- [Assignment] After locating the line that contains "T = 240 K, P" in the material below, copy that line and each one following it, exactly, up to the last line. Pictures stay out.

- [Entries shown]
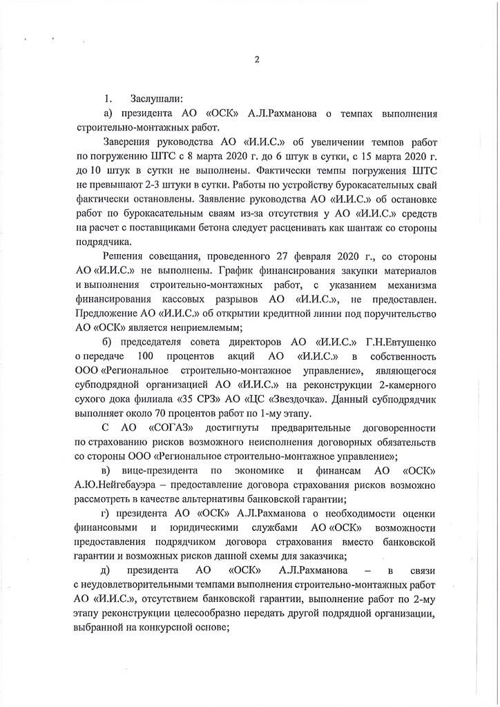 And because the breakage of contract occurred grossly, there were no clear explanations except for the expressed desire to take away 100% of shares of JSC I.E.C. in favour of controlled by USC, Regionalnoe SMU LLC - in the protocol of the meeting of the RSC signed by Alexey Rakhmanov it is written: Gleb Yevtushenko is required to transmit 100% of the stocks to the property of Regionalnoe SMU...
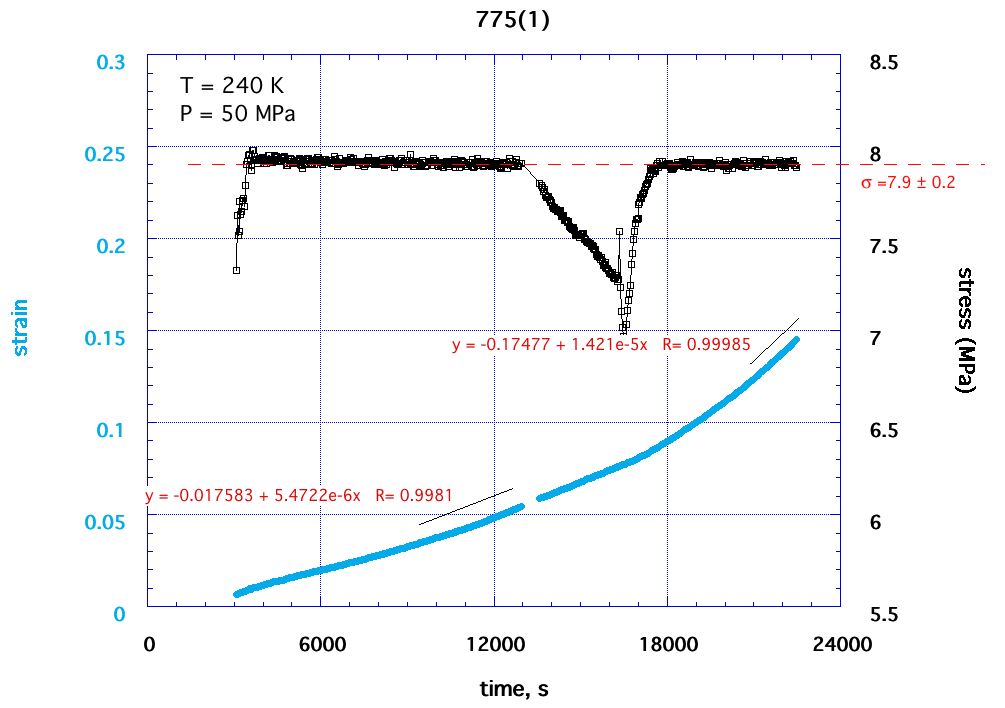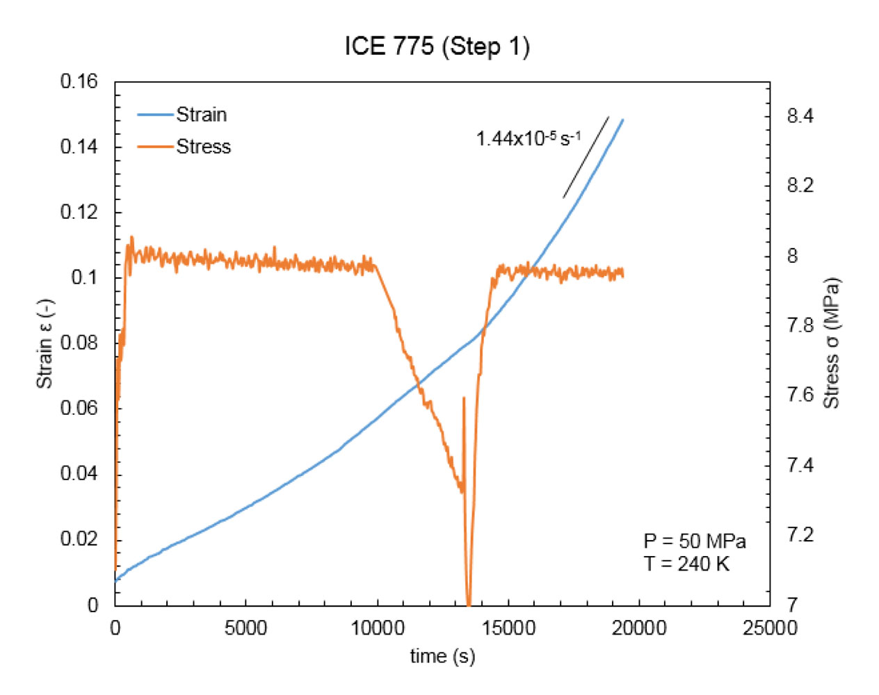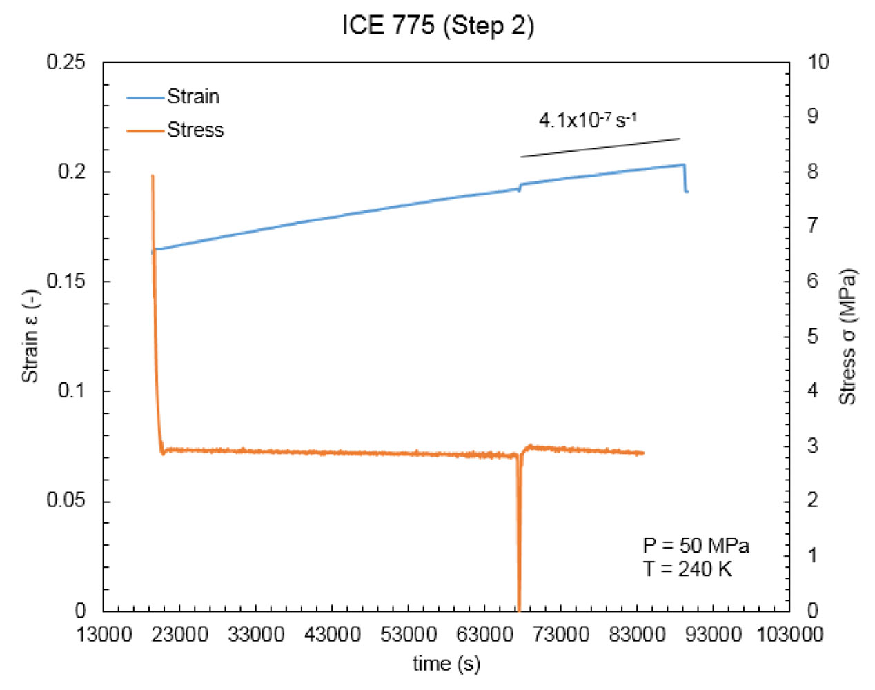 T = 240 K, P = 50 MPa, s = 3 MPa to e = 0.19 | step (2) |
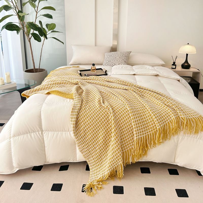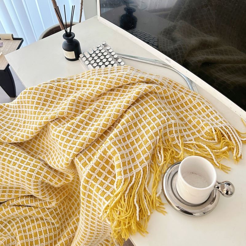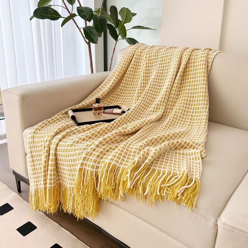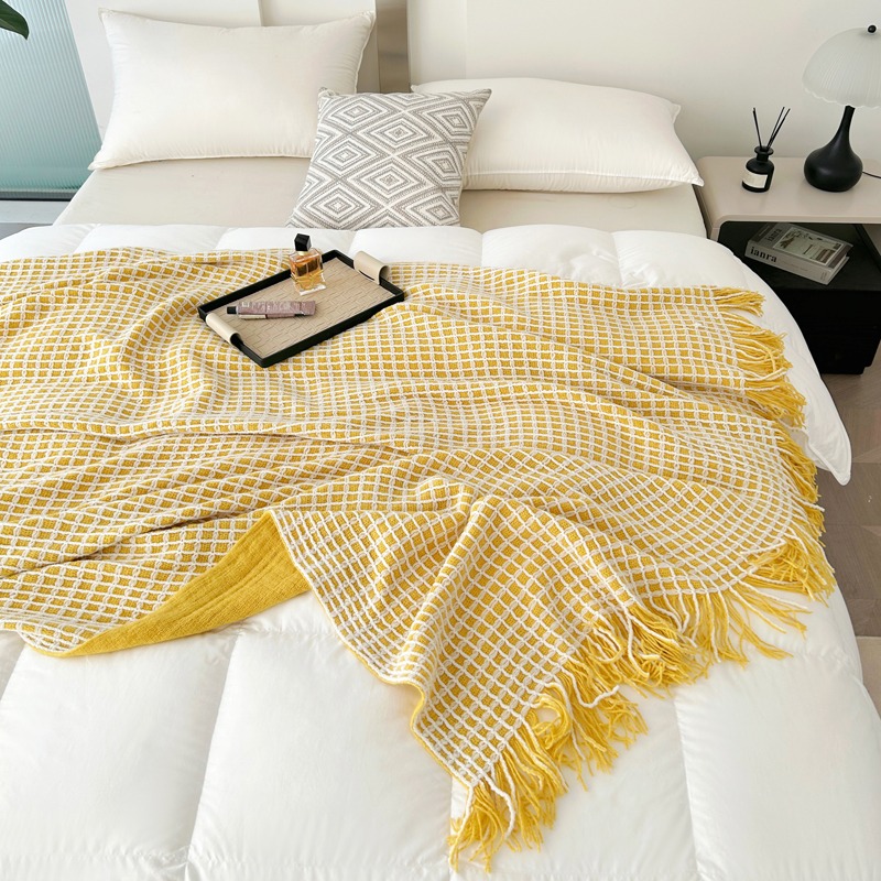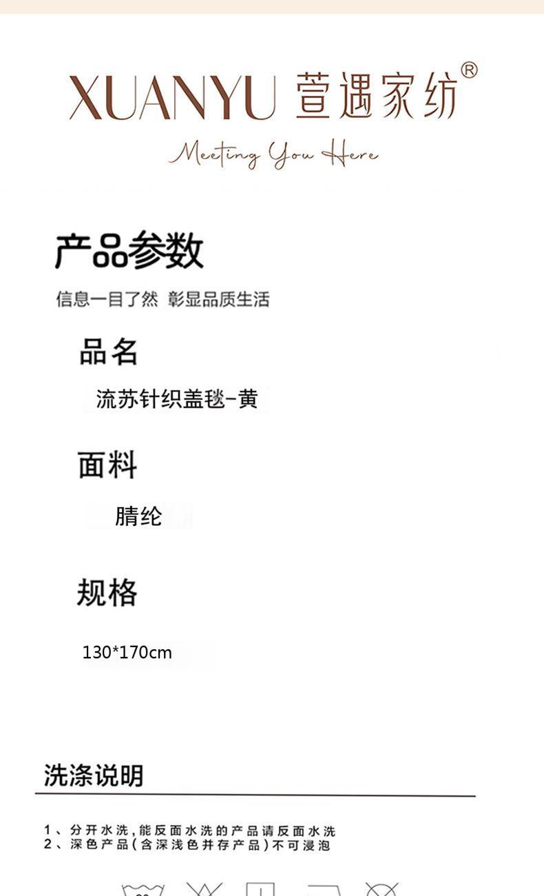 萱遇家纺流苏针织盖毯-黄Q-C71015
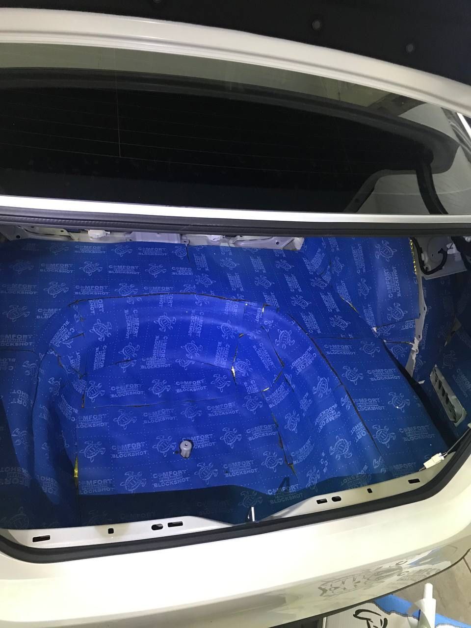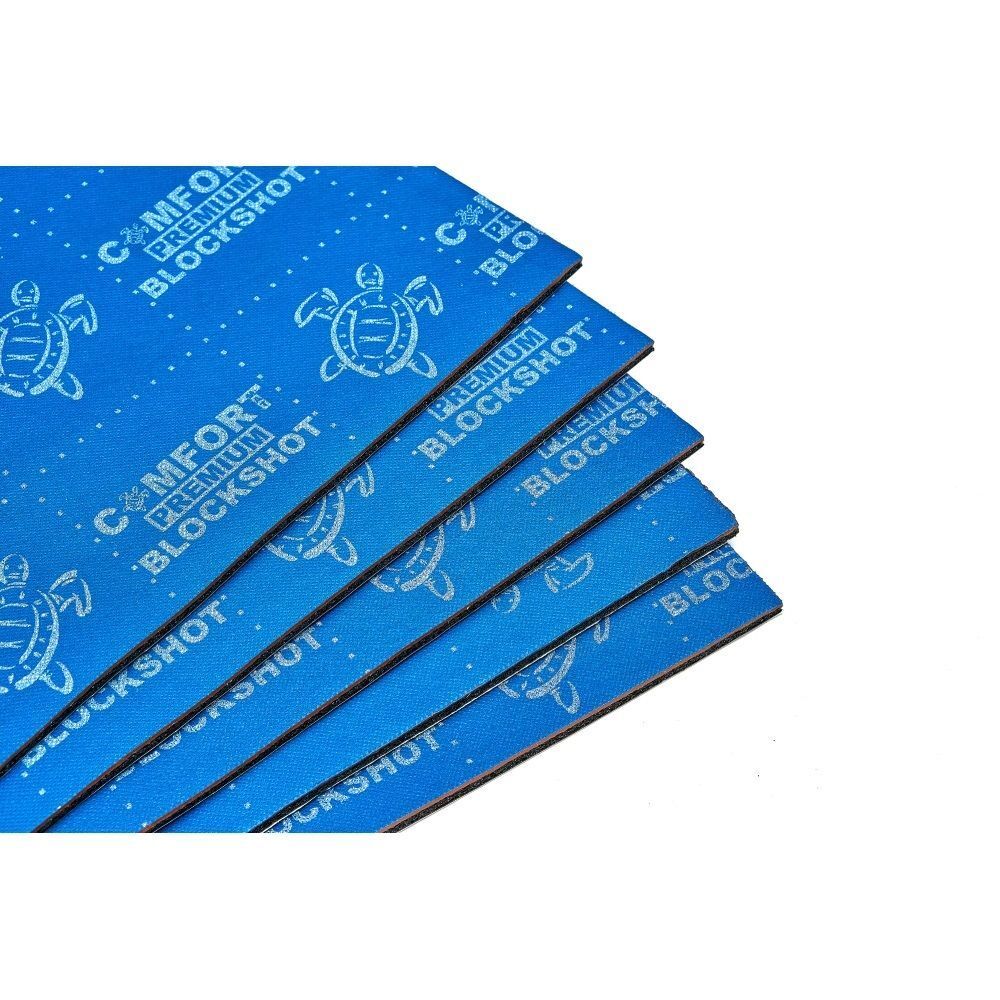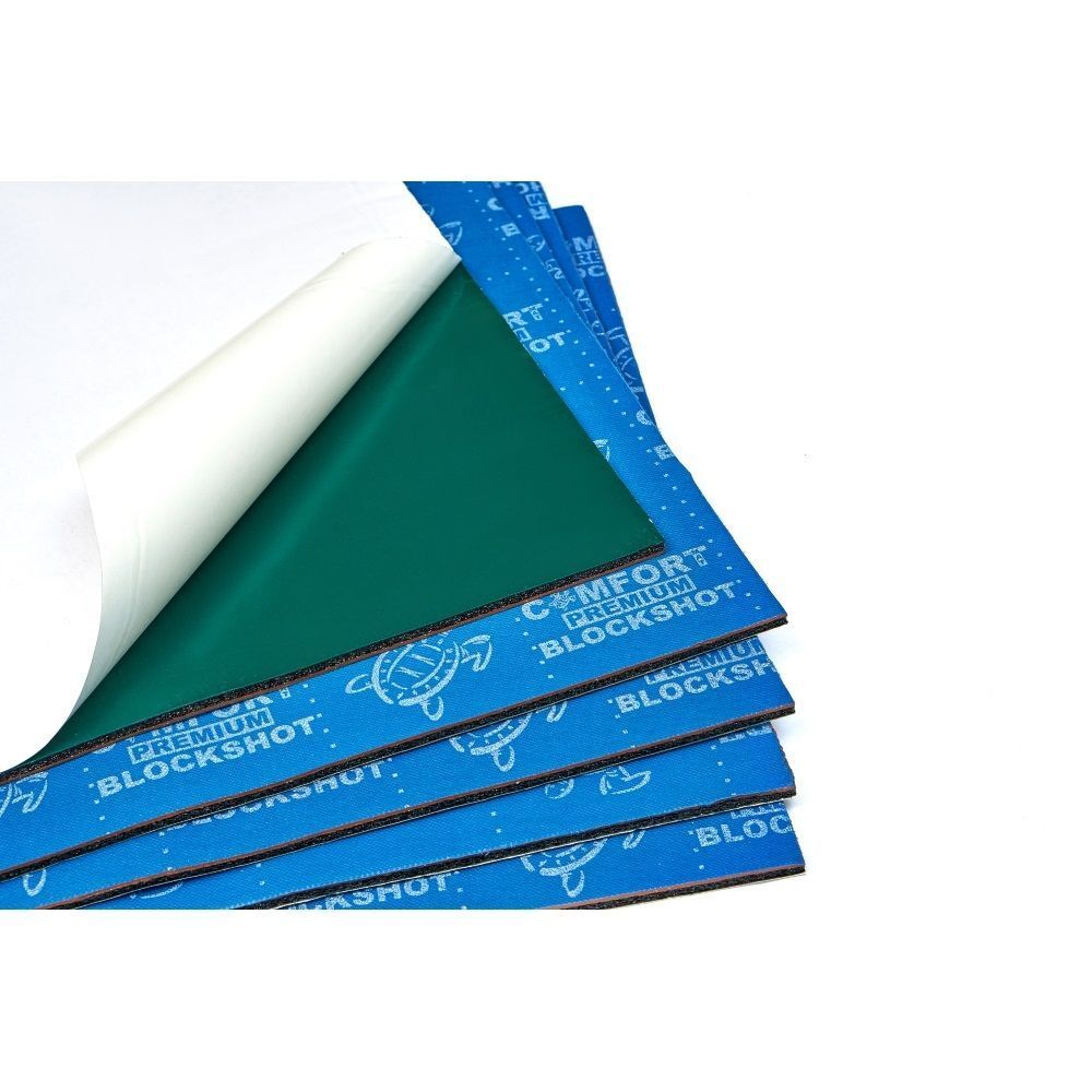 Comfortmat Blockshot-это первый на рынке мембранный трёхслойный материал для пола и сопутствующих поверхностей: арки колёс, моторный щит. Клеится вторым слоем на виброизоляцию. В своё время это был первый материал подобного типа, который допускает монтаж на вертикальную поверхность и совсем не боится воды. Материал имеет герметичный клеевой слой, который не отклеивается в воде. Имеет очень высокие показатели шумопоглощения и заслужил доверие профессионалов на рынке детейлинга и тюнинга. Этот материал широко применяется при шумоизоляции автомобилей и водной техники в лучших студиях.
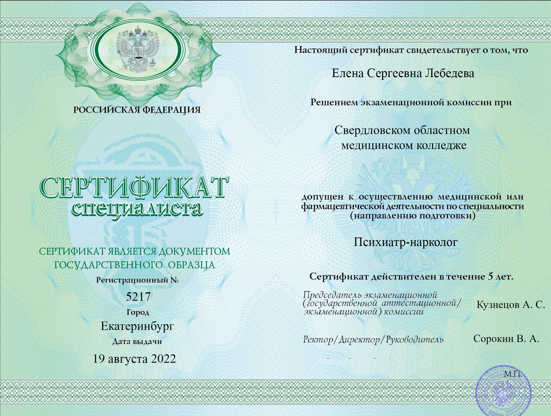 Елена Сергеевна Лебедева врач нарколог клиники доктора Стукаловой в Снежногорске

- [Solution to the exercise]
 T = 240 K, P = 50 MPa, s = 3 MPa to e = 0.19 | step (2) |
 萱遇家纺流苏针织盖毯-黄Q-C71015
 Comfortmat Blockshot-это первый на рынке мембранный трёхслойный материал для пола и сопутствующих поверхностей: арки колёс, моторный щит. Клеится вторым слоем на виброизоляцию. В своё время это был первый материал подобного типа, который допускает монтаж на вертикальную поверхность и совсем не боится воды. Материал имеет герметичный клеевой слой, который не отклеивается в воде. Имеет очень высокие показатели шумопоглощения и заслужил доверие профессионалов на рынке детейлинга и тюнинга. Этот материал широко применяется при шумоизоляции автомобилей и водной техники в лучших студиях.
 Елена Сергеевна Лебедева врач нарколог клиники доктора Стукаловой в Снежногорске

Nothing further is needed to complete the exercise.